• MATERIAL SUPPLIED:
◆ ◆ ◆ ◆

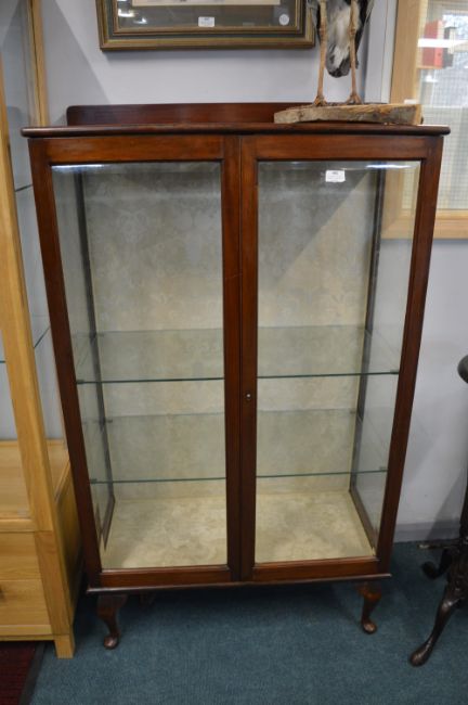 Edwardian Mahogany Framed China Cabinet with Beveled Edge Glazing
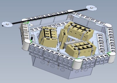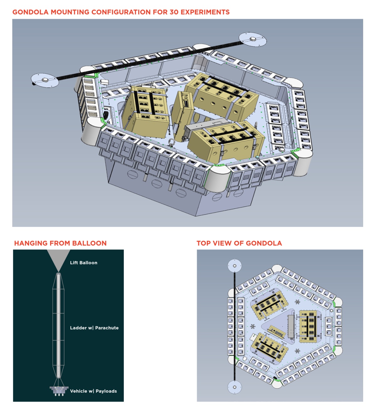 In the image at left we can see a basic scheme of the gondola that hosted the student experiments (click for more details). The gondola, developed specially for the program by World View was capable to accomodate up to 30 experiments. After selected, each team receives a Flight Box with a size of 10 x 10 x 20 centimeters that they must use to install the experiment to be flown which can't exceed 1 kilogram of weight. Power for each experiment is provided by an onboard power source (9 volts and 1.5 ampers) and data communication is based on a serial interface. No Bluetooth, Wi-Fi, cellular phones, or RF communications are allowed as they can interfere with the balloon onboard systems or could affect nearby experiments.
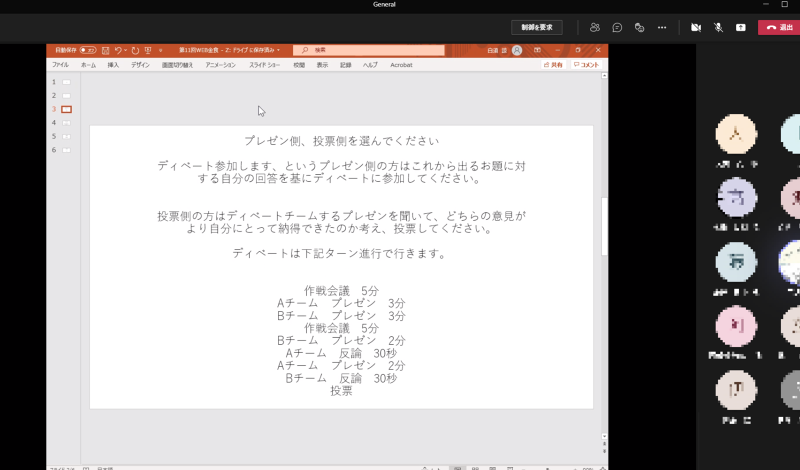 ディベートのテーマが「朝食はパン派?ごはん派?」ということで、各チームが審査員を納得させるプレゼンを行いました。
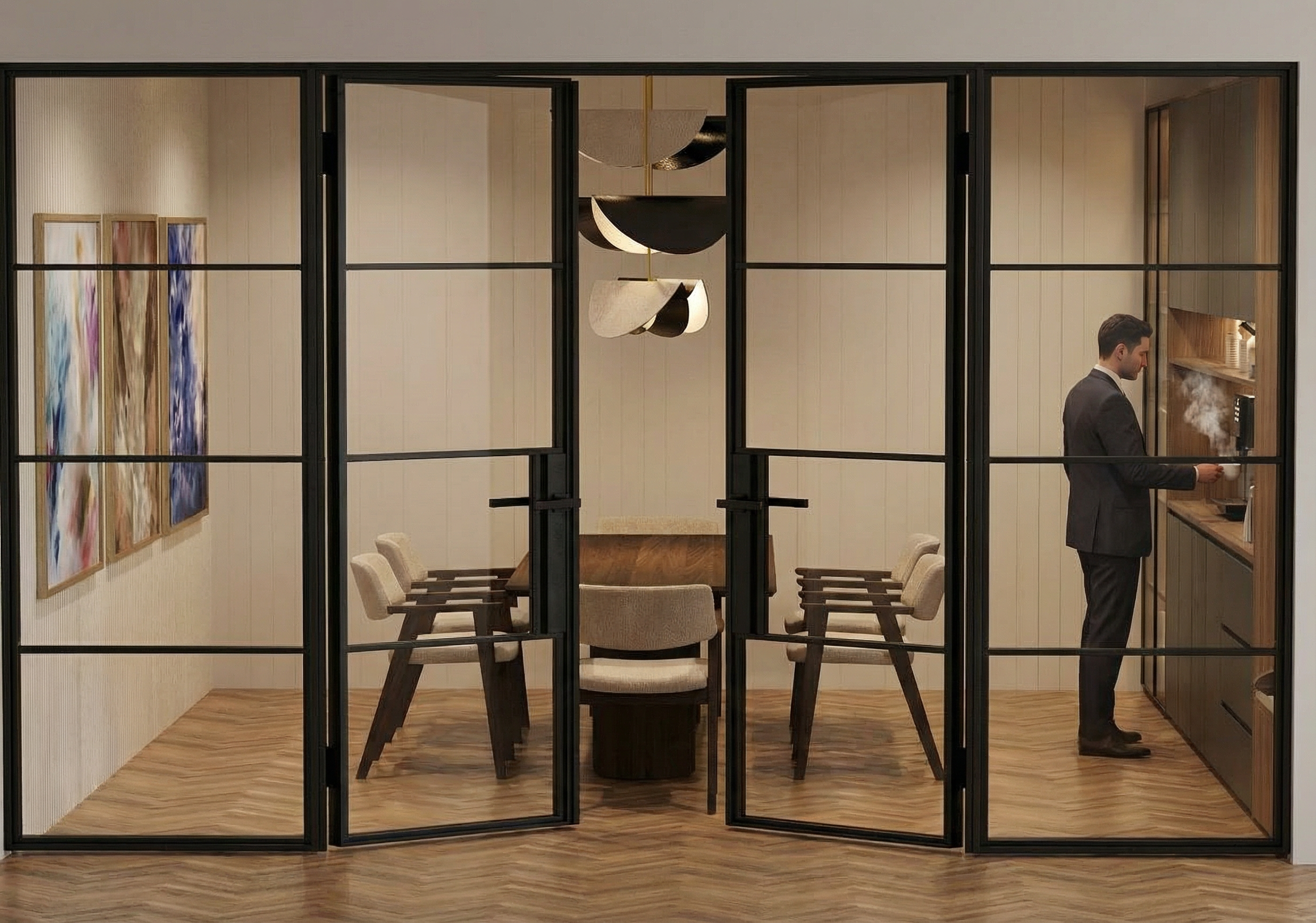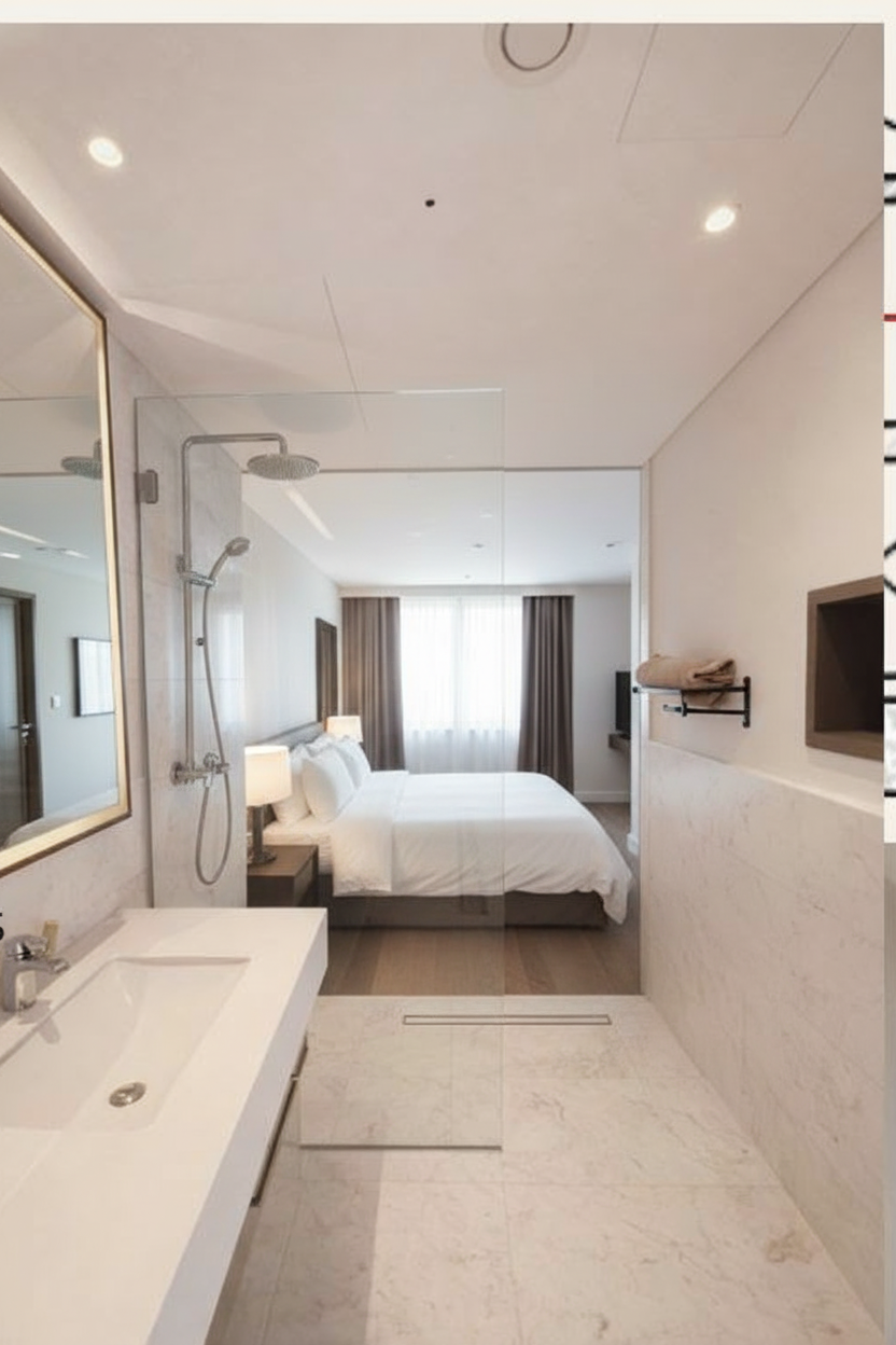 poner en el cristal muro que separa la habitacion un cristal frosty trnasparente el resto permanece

◆ ◆ ◆ ◆

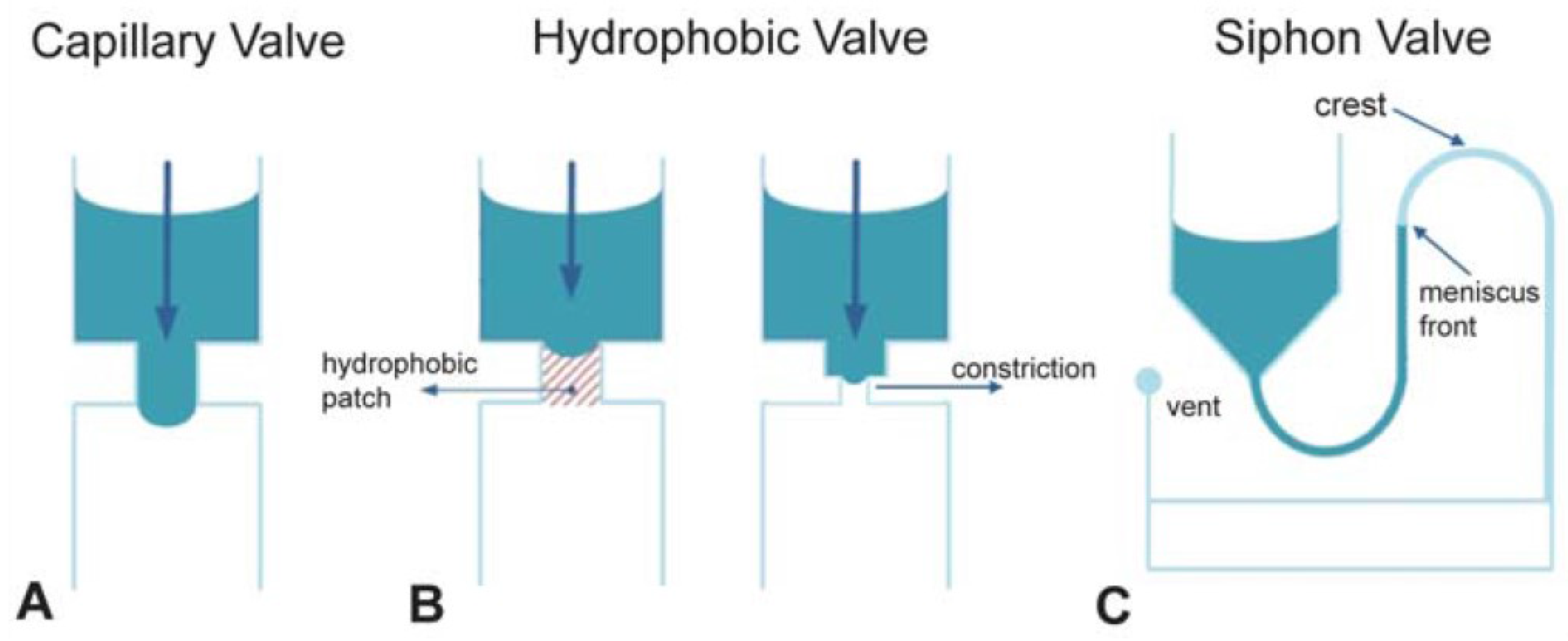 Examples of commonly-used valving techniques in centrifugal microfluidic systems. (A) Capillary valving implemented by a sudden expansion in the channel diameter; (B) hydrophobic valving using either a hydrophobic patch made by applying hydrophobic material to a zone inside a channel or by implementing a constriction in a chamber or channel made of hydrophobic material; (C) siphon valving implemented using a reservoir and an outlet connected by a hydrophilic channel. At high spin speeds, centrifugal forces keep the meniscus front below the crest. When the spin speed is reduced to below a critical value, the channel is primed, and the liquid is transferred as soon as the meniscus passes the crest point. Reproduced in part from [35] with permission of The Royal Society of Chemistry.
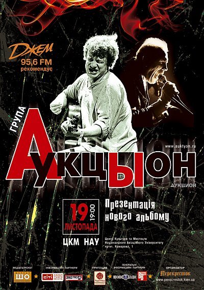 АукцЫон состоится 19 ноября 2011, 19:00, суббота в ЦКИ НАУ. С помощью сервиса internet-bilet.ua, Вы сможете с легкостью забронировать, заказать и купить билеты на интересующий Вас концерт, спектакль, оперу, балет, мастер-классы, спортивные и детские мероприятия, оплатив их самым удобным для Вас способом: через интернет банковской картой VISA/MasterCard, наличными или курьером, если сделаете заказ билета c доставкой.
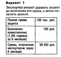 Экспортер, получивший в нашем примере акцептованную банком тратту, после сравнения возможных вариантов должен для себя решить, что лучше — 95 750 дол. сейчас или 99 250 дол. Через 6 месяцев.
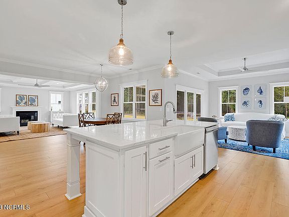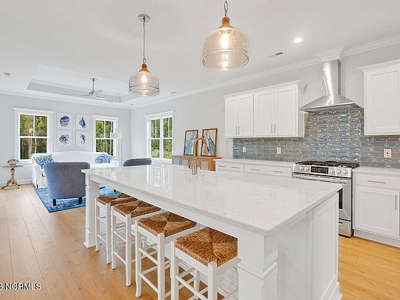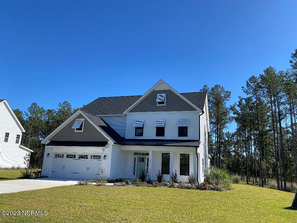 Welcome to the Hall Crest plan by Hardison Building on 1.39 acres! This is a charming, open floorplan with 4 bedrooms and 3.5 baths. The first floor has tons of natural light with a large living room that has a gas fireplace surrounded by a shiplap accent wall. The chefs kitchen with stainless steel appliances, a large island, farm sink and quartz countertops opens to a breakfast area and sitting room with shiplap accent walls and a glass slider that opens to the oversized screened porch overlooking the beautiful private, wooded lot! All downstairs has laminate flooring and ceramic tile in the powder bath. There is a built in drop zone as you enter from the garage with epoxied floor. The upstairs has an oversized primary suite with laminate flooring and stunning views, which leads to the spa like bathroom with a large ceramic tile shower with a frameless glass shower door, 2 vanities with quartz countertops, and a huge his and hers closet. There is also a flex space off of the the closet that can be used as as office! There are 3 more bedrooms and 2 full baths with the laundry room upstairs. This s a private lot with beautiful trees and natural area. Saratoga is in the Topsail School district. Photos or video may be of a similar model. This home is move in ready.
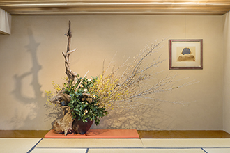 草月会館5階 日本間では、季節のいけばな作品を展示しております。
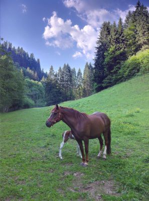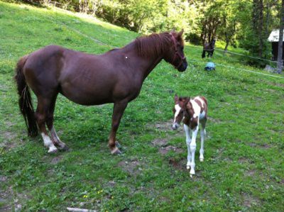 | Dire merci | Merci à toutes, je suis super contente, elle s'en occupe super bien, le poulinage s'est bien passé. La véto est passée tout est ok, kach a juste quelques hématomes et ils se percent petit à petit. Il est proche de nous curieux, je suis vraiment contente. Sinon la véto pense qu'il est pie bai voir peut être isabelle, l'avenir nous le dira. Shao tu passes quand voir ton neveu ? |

◆ ◆ ◆ ◆

• ABOUT THIS EXERCISE:
From the records above, return exactly the lines running from the one that contains "In the image" down to the one that contains "ディベートのテーマが「朝食は", both included, without any pictures.

• WRITTEN ANSWER:
 In the image at left we can see a basic scheme of the gondola that hosted the student experiments (click for more details). The gondola, developed specially for the program by World View was capable to accomodate up to 30 experiments. After selected, each team receives a Flight Box with a size of 10 x 10 x 20 centimeters that they must use to install the experiment to be flown which can't exceed 1 kilogram of weight. Power for each experiment is provided by an onboard power source (9 volts and 1.5 ampers) and data communication is based on a serial interface. No Bluetooth, Wi-Fi, cellular phones, or RF communications are allowed as they can interfere with the balloon onboard systems or could affect nearby experiments.
 ディベートのテーマが「朝食はパン派?ごはん派?」ということで、各チームが審査員を納得させるプレゼンを行いました。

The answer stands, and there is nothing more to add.